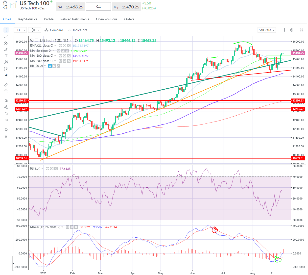 Modest gains were registered in London on Wednesday to keep the run going for a sixth day, taking its August dip to below 3%. Glencore fell 5% after going ex-divi. Stocks in London were flattish in early trade on Thursday running into the final day of trading for the month, whilst Frankfurt rallied two-thirds of a percent to touch 16k again. Futures on Wall Street are positive as the main indices attempt to break out of some head and shoulders-like tops(chart 1). Salesforce, a Dow component, rallied 5% after topping earnings expectations and delivering an upbeat outlook.
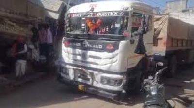 गूगल मैप के भरोसे पड़ा महंगा, गली में घुसा ट्रेलर, कई वाहन क्षतिग्रस्त
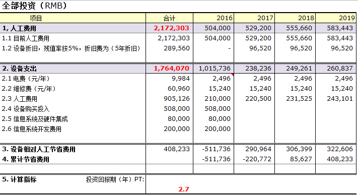 該項目實施之前主要采用人工打單、揀貨作業(yè),正常訂單量每天需要4名工人進行單據(jù)打印,11名員工進行訂單拆零揀貨作業(yè),高峰期間加班情況比較嚴重。項目投入使用后,單據(jù)、系統(tǒng)操作人員調(diào)整到1名,揀貨人員調(diào)整到5名,每小時揀貨數(shù)量可高達400箱,約270張訂單;揀貨效率提高50%;單從訂單揀選環(huán)節(jié)的經(jīng)濟效益分析來看,該項目就具備較好的經(jīng)濟效益,見下表:
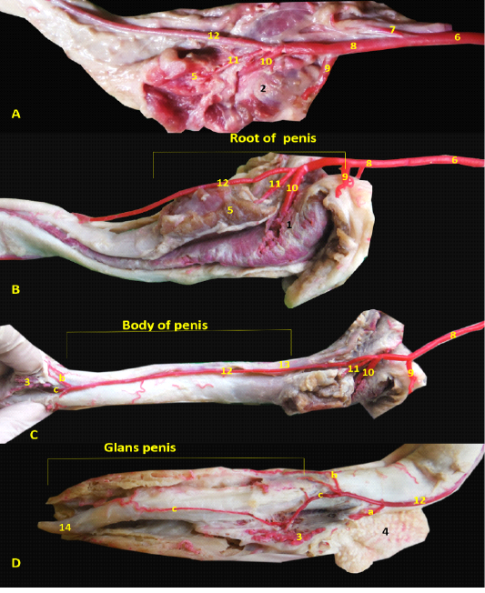 A- Origin of penial artery. B- branches of penial artery at penial root, C- branches of dorsal penial artery in penial body, D- dorsal penial artery at glans penis.

Problem description:
Everything in the material above must be repeated exactly, apart from its pictures.

Written answer:
 Modest gains were registered in London on Wednesday to keep the run going for a sixth day, taking its August dip to below 3%. Glencore fell 5% after going ex-divi. Stocks in London were flattish in early trade on Thursday running into the final day of trading for the month, whilst Frankfurt rallied two-thirds of a percent to touch 16k again. Futures on Wall Street are positive as the main indices attempt to break out of some head and shoulders-like tops(chart 1). Salesforce, a Dow component, rallied 5% after topping earnings expectations and delivering an upbeat outlook.
 गूगल मैप के भरोसे पड़ा महंगा, गली में घुसा ट्रेलर, कई वाहन क्षतिग्रस्त
 該項目實施之前主要采用人工打單、揀貨作業(yè),正常訂單量每天需要4名工人進行單據(jù)打印,11名員工進行訂單拆零揀貨作業(yè),高峰期間加班情況比較嚴重。項目投入使用后,單據(jù)、系統(tǒng)操作人員調(diào)整到1名,揀貨人員調(diào)整到5名,每小時揀貨數(shù)量可高達400箱,約270張訂單;揀貨效率提高50%;單從訂單揀選環(huán)節(jié)的經(jīng)濟效益分析來看,該項目就具備較好的經(jīng)濟效益,見下表:
 A- Origin of penial artery. B- branches of penial artery at penial root, C- branches of dorsal penial artery in penial body, D- dorsal penial artery at glans penis.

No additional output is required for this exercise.